Calculation of Filing Fee Tables

S-8

DraftKings Inc.

Table 1: Newly Registered Securities

Security Type

Security Class Title

Fee Calculation Rule

Amount Registered

Proposed Maximum Offering Price Per Unit

Maximum Aggregate Offering Price

Fee Rate

Amount of Registration Fee

1 Equity Class A Common Stock, par value $0.0001 per share, issuable under the DraftKings Inc. 2020 Incentive Award Plan (the "Incentive Plan") Other 90,496,230 $ 33.54 $ 3,035,243,554.20 0.0001531 $ 464,695.79
2 Equity Class A Common Stock, par value $0.0001 per share, issuable under the DraftKings Inc. Employee Stock Purchase Plan (as amended and restated, the "ESPP") Other 14,136,246 $ 33.54 $ 474,129,690.84 0.0001531 $ 72,589.26

Total Offering Amounts:

$ 3,509,373,245.04

$ 537,285.04

Total Fee Offsets:

$ 0.00

Net Fee Due:

$ 537,285.04

Offering Note

1

Note 1.a - Applies to offering lines 1 and 2. Pursuant to Rule 416(a) under the Securities Act of 1933, as amended (the "Securities Act"), the registration statement on Form S-8 (the "Registration Statement") to which this exhibit relates shall also cover any additional shares of Class A common stock, par value $0.0001 per share (the "Class A Common Stock"), of DraftKings Inc. (the "Registrant") that become issuable with respect to the securities identified in the above table by reason of any stock dividend, stock splits, reverse stock splits, recapitalizations, reclassifications, mergers, split-ups, reorganizations, consolidations and other capital adjustments effected without receipt of consideration and that, in each case, increases the number of outstanding shares of Class A Common Stock.

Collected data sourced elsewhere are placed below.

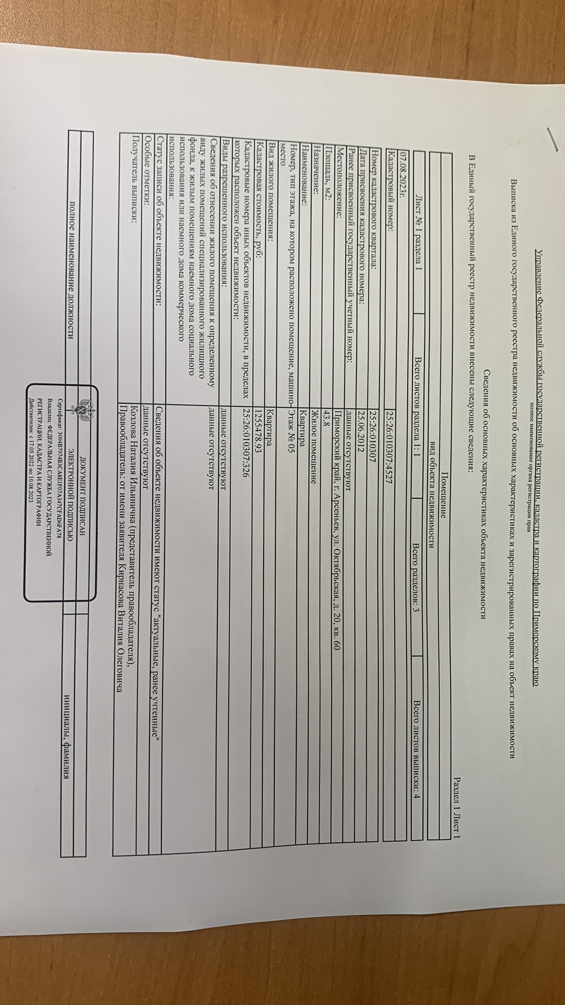 Стоимость недвижимости: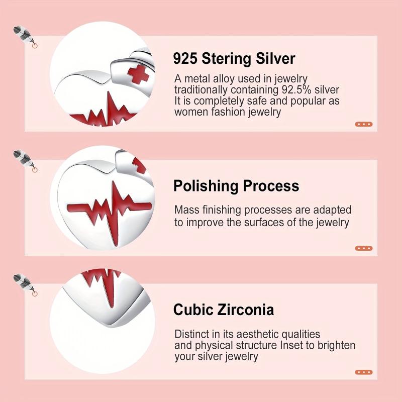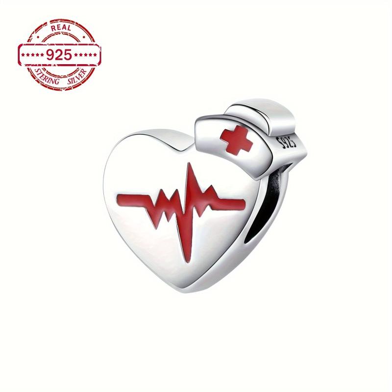 This S925 sterling silver charm pendant is a perfect gift for nurses. It fits European moment bracelets and necklaces, ideal for DIY jewellery making.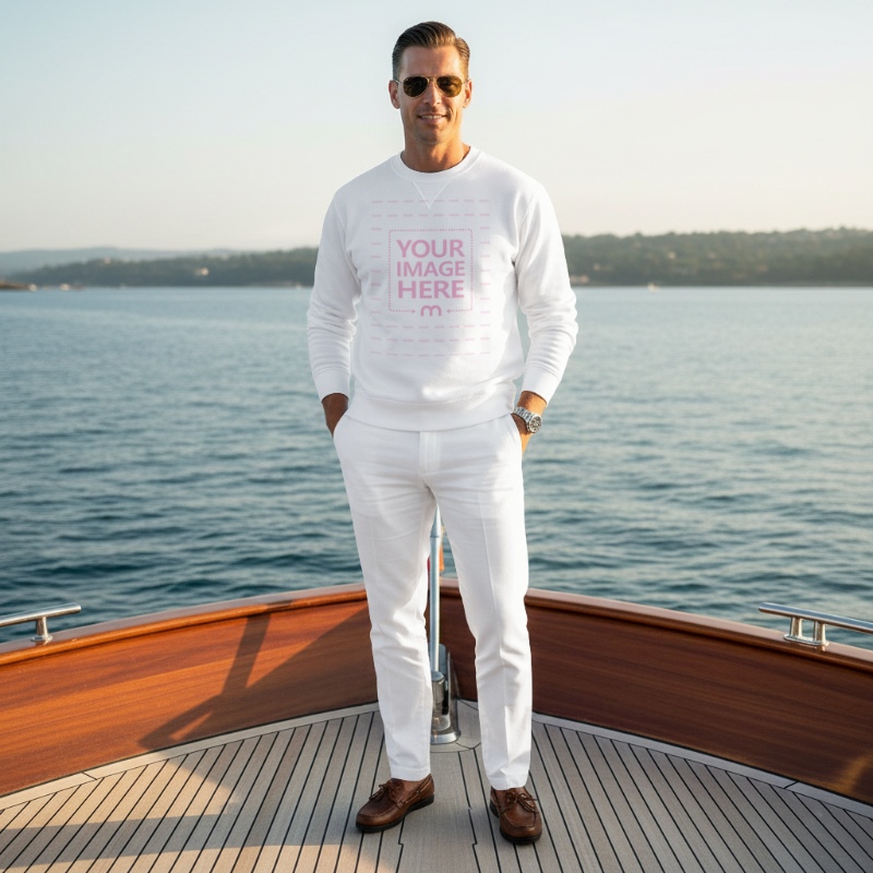 Crewneck Sweatshirt Mockup on Man Standing on Boat Deck

Note 1.b - The Amount Registered represents 90,496,230 additional shares of Class A Common Stock issuable pursuant to the "evergreen" provision under the Incentive Plan, consisting of the following annual increases: (i) 19,815,000 shares of Class A Common Stock on January 4, 2021, (ii) 22,537,000 shares of Class A Common Stock on January 3, 2023, (iii) 23,634,874 shares of Class A Common Stock on January 2, 2024 and (iv) 24,509,356 shares of Class A Common Stock on January 2, 2025. The "evergreen" provision in the Incentive Plan provides for an annual increase on the first trading day of each calendar year by a number of shares equal to 5% of the total outstanding shares of Class A Common Stock on the last day of the prior calendar year (subject to a maximum annual increase of 33,000,000 shares); provided, that the Registrant's board of directors may act prior to January 1 of a given year to provide that there will be no such increase in the share reserve for such year or that the increase in the share reserve for such year will be a lesser number of shares than would otherwise occur pursuant to the foregoing. Note 1.c - Applies to offering lines 1 and 2. The Proposed Maximum Offering Price Per Unit is estimated solely for the purpose of calculating the registration fee calculated in accordance with Rules 457(c) and 457(h) of the Securities Act. The aggregate offering price is the average of the high and low prices of the Registrant's Class A Common Stock as reported on the Nasdaq Global Select Market on May 6, 2025.

2

Note 2.a - See Note 1.a above. Note 2.b - The Amount Registered represents 14,136,246 additional shares of Class A Common Stock issuable pursuant to the "evergreen" provision under the ESPP, consisting of the following annual increases: (i) 4,507,400 shares of Class A Common Stock on January 3, 2023, (ii) 4,726,975 shares of Class A Common Stock on January 2, 2024 and (iii) 4,901,871 shares of Class A Common Stock on January 2, 2025. The "evergreen' provision in the ESPP provides for an annual increase on the first trading day of each calendar year by a number of shares equal to 1% of the total number of outstanding shares of Class A Common Stock on the last day of the prior calendar year (subject to a maximum annual increase of 6,600,000 shares); provided, that the Registrant's board of directors may act prior to January 1 of a given year to provide that there will be no such increase in the share reserve for such year or that the increase in the share reserve for such year will be a lesser number of shares than would otherwise occur pursuant to the foregoing. Note 2.c - See Note 1.c above.